TY.  I have tried the method mentioned and will try it again tomorrow morning.  My complaint is really with the way the process is structured, in that there are more than few assumptions, it states about 3 times the word "assume". 

 Any reason this process is not well documented somewhere?  It seems as though the resources for this are all over the place.  I am currently documenting the process and will share all my information once complete, but I do find this process unnecessarily difficult.

I agree that the Proxy/HTTPS documentation could use improvement, and that there are a lot of assumptions about both the environment and the administrator. But there are also lots of different ways to set this up. It has improved over the past few revisions.

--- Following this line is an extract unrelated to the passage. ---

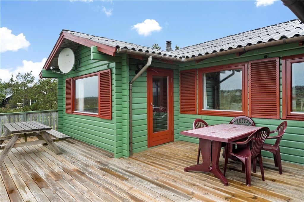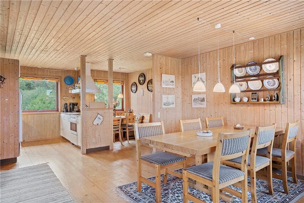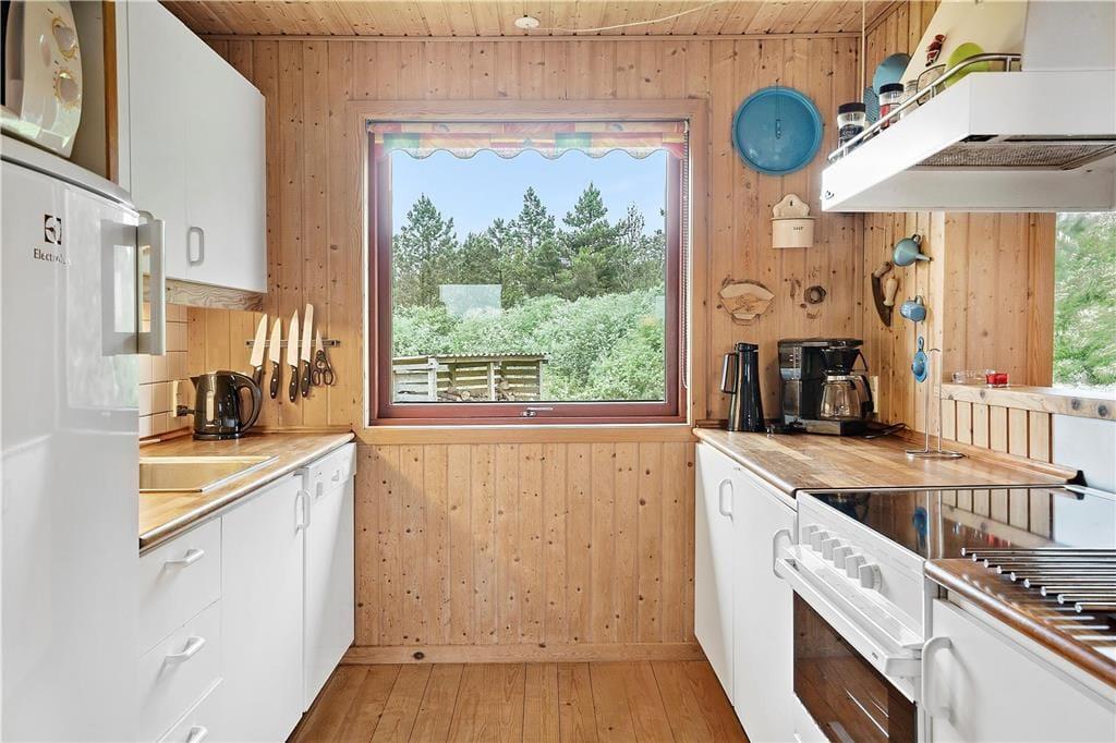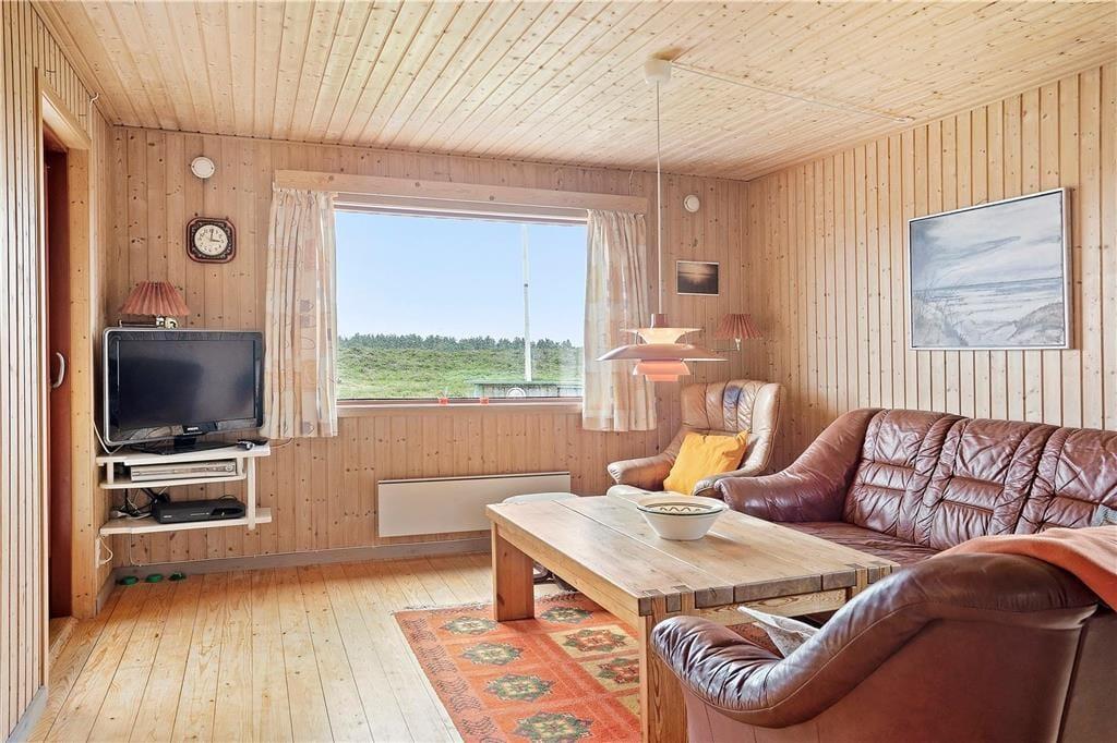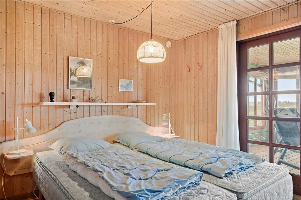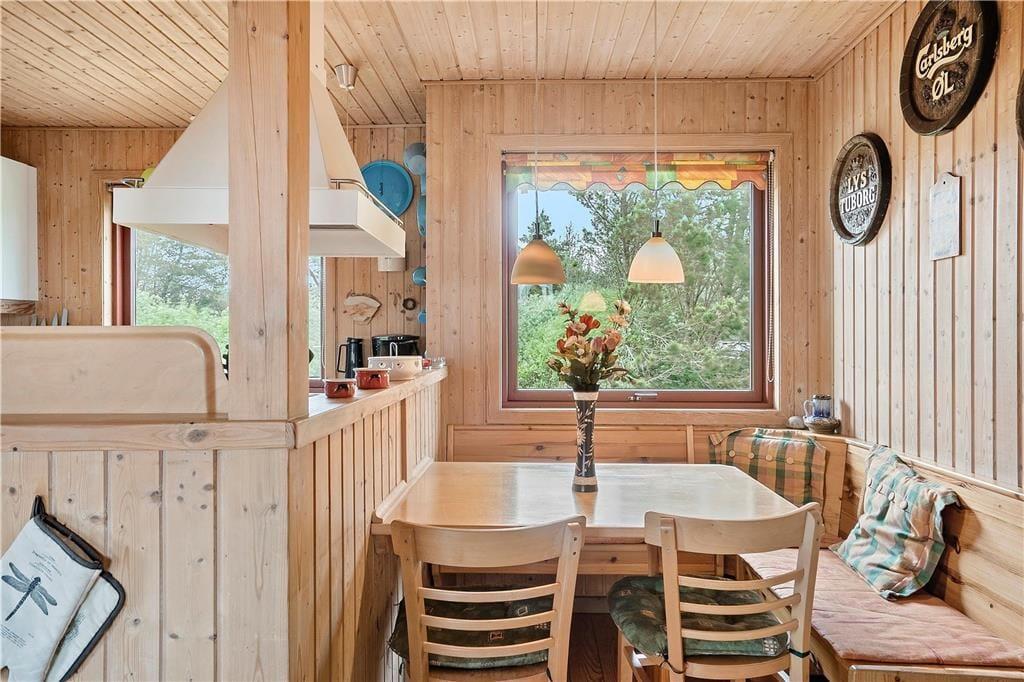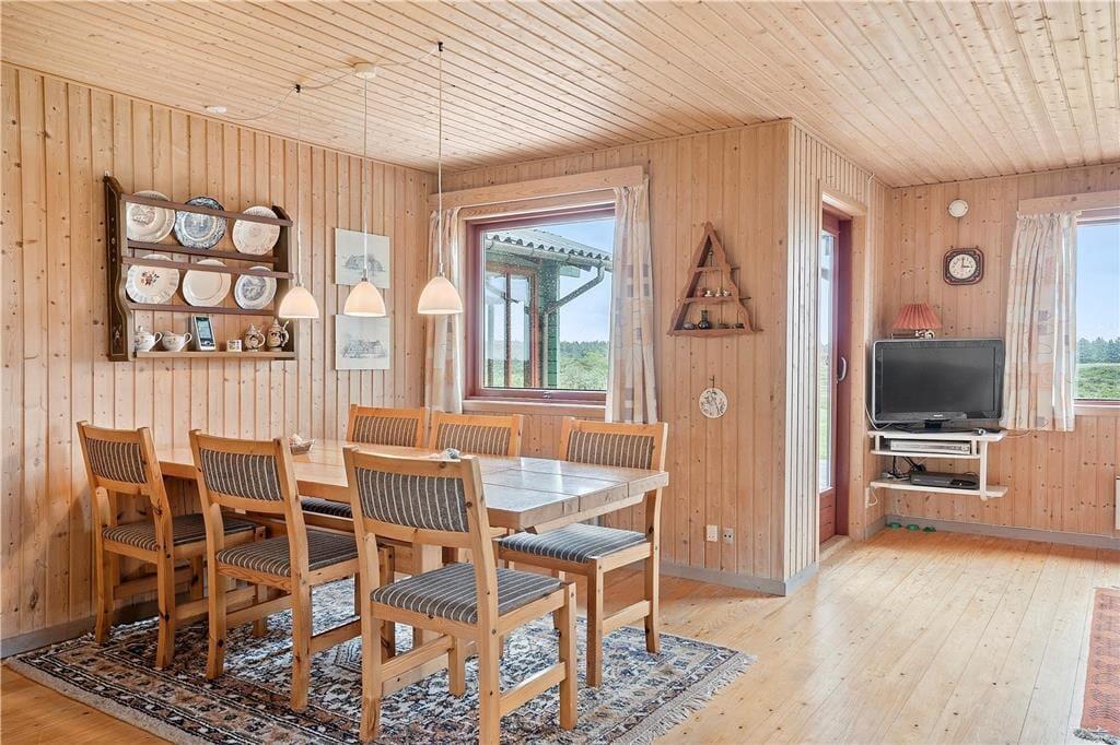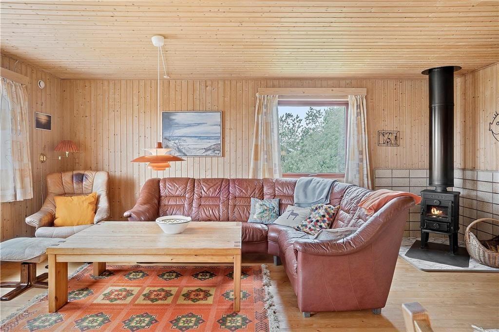 Inden døre er atmosfæren lys og let, for de mange vinduer åbenbarer ikke bare udsigten, men sørger også for et skønt lysindfald. I bedste sommerhusstil er der umalede trælister på væggene og brændeovn i stuen, og det hyggelige møblement bidrager til den gode stemning. Stue og køkken danner tilsammen et stort og herligt opholdsrum, hvor I kan hygge jer med madlavning, brætspil, en god film eller andre fælles ferieaktiviteter. Hyggestunderne kan alternativt foregå i udestuen, hvor panoramaudsigten virkelig imponerer – og hvis det er køligt udenfor, kan I forkæle jer selv med en tur i husets sauna. Planløsningen består derudover af et badeværelse og tre soveværelser, og alle rum præsenterer sig på pæn og velholdt vis.

I would also think about looking into a proxy as SSL termination would be handled better by the proxy rather than tomcat. Post again here if you have other issues getting https enabled, and if this works don't forget to hit the "accept as solution" button!

-Josh

Ill let you know by tomorrow if it works.  TY!

What do you think of this link

https://confluence.atlassian.com/jirakb/how-to-run-jira-over-https-with-a-personal-information-exchange-pfx-certificate-432804342.html

I tried it and it failed.

Regarding the prerequisites on the site that you listed, I have a .crt and .pem file, a keystore, and openssl. What file is needed for the CAFile parameter.
So I have a few questions about the command in the link you have provided:

openssl pkcs12 -export -in host.crt -inkey host.crt.pem -out sslcert.jks -name tomcat -CAfile <What and Where is this file?> -caname root

I did some research on this parameter but did not see any concrete working example, or great explanations.

OpenSSL - Command Line Utilities
https://wiki.openssl.org/index.php/Command_Line_Utilities

When I attempt to run the command I get "unable to load private key"

Im not frustrated, just wondering why this process has to be so difficult. I have installed and configured SSL certs, as well as custom development for identity services, and I find this process to be all over the place.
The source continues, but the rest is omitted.